In the embodiment of the application, when the historical hospitalization times are greater than or equal to the hospitalization time threshold, it indicates that the target patient is actually hospitalized regularly, and the target patient cannot be directly marked as high risk, and further evaluation is required. Considering that some patients only perform some main item examinations related to the target disease in the historical process and do not count up the regular medical visits, in the continuous evaluation process, the historical medical visits of the target patients need to be acquired, and the historical medical visits are divided according to time nodes indicated by preset time intervals to obtain at least two medical visit record segments. For example, the medical records of the target patient in the past two years are acquired, and if the preset time interval is one year, the medical records of each year in the past two years are obtained by splitting.

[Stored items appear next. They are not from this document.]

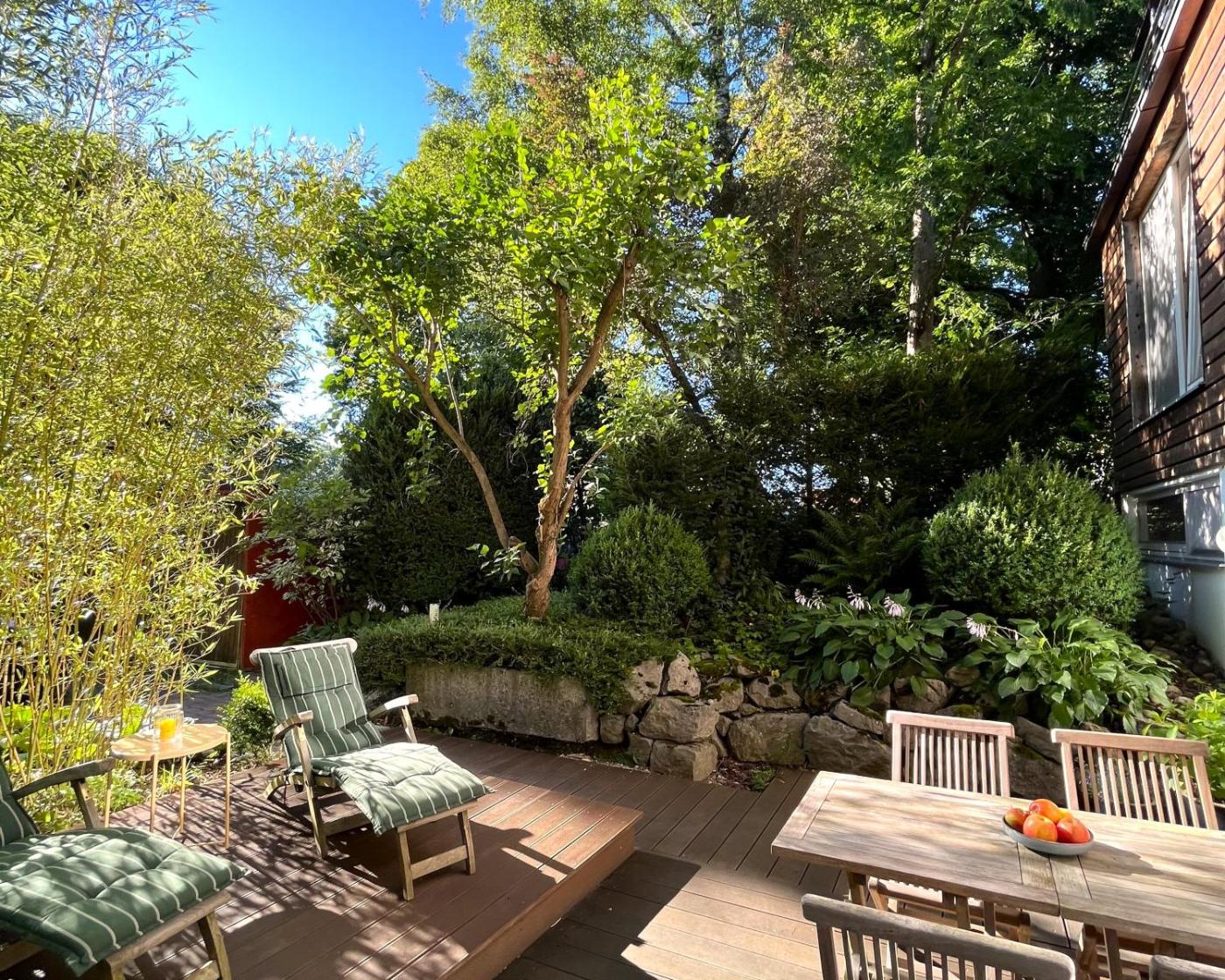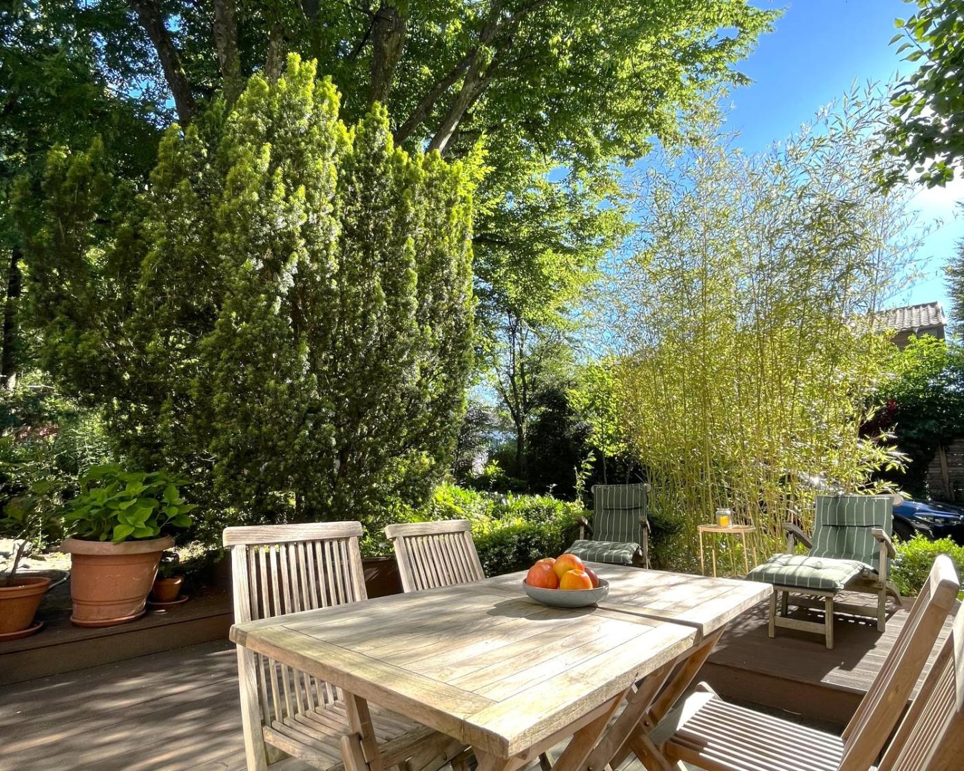 Komfortable Ausstattung: Die Apartments verfügen über eine Kitchenette, ein eigenes Badezimmer sowie eine private Terrasse mit herrlichem Blick in den Garten. Weitere Annehmlichkeiten sind ein Essbereich und ein Schlafsofa.
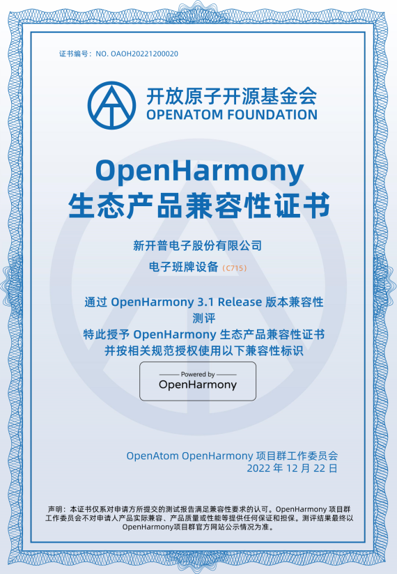 IT之家 1 月 17 日消息,据开源鸿蒙 OpenHarmony 消息,近日,由中软国际有限公司(以下简称“中软国际”)提供技术支持,新开普电子股份有限公司(以下简称“新开普”)推出的电子班牌顺利通过 OpenAtom OpenHarmony(以下简称“OpenHarmony”)3.1 Release 版本兼容性测评,获颁 OpenHarmony 生态产品兼容性证书。
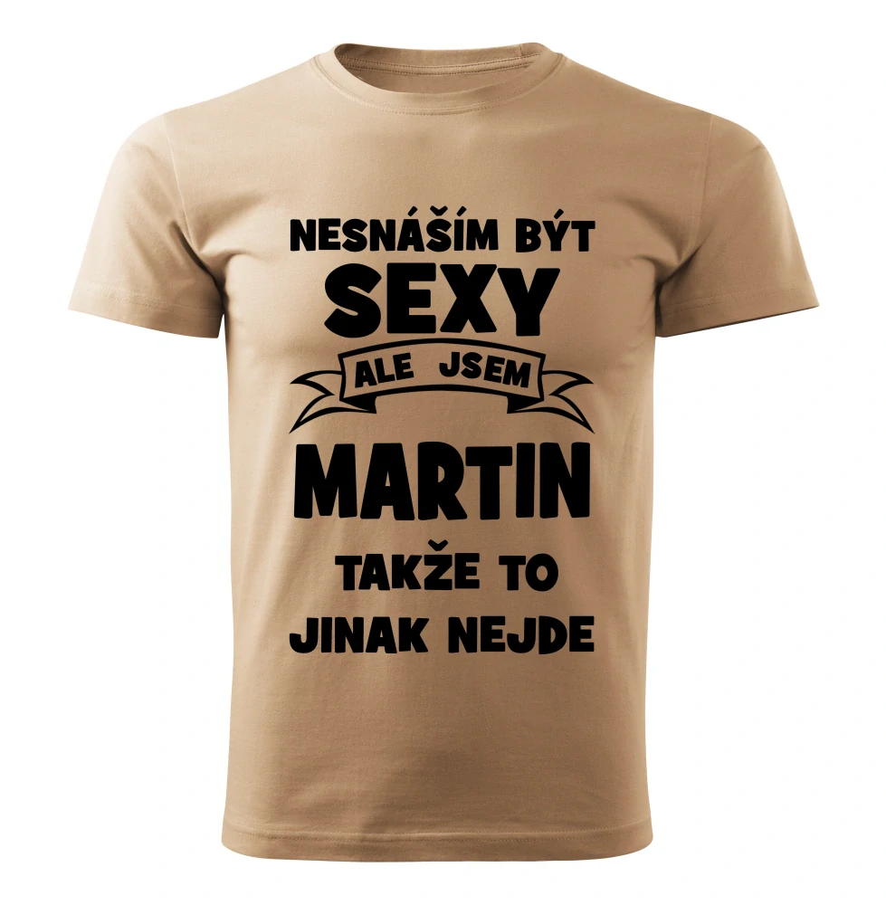 Pánské tričko Nesnáším být SEXY ale jsem MARTIN takže to jinak nejde béžové LSkladem 2 ks349 Kč/ ks288 Kč bez DPH

And then, for each of the at least two visit record segments, performing character recognition on the visit record segment by adopting a natural language processing algorithm, and determining a plurality of project names included in the visit record segment. The natural language processing algorithm may be an NLP (Neuro-linear Programming) algorithm, all the project names are acquired as samples, the NLP algorithm is used to train the samples to obtain a language identification model, and then the visit record segments are input to the language identification model, so that a plurality of project names in the visit record segments can be directly output, or the project names are directly marked with yellow in the visit record segments. Then, a specified item name of the specified item is determined, the number of occurrences of the specified item name in the plurality of item names is queried, and the number of occurrences is used as a segment index of the visit record segment. For example, when the item names "blood sugar" and "glycated hemoglobin (HBA 1C)" are specified for a diabetic patient, the number of occurrences of "blood sugar" and "glycated hemoglobin (HBA 1C)" in the visit record fragment is counted as a fragment index, that is, the item name glycated hemoglobin (HBA1C) or blood sugar count is counted once.
By repeatedly executing the above process, the segment indexes of each of the at least two visit record segments can be respectively counted to obtain at least two segment indexes of the at least two visit record segments, and the at least two segment indexes are used as project indexes of the target patient. After the project index of the target patient is determined, when the project index comprises at least two segment indexes which are both larger than the index threshold value, the target patient is indicated to be in fact focused on the examination of the relevant target disease, the risk is low, and therefore, the target patient is marked by adopting a risk identifier indicating medium and low risk. And when the item index comprises at least two segment indexes with segment indexes lower than the index threshold value, the target patient is not focused on daily examination, the risk of the target patient is higher, and therefore, the target patient is marked by using a risk identifier indicating high risk.
204. When the historical number of visits is less than the number of visits threshold, the target patient is flagged as high risk.
In the embodiment of the present application, when the historical number of times of medical visits is less than the threshold number of times of medical visits, it indicates that the target patient does not have a regular medical visit, there is a higher risk, and it needs to be marked as a high risk, and therefore, the target patient is marked as a high risk.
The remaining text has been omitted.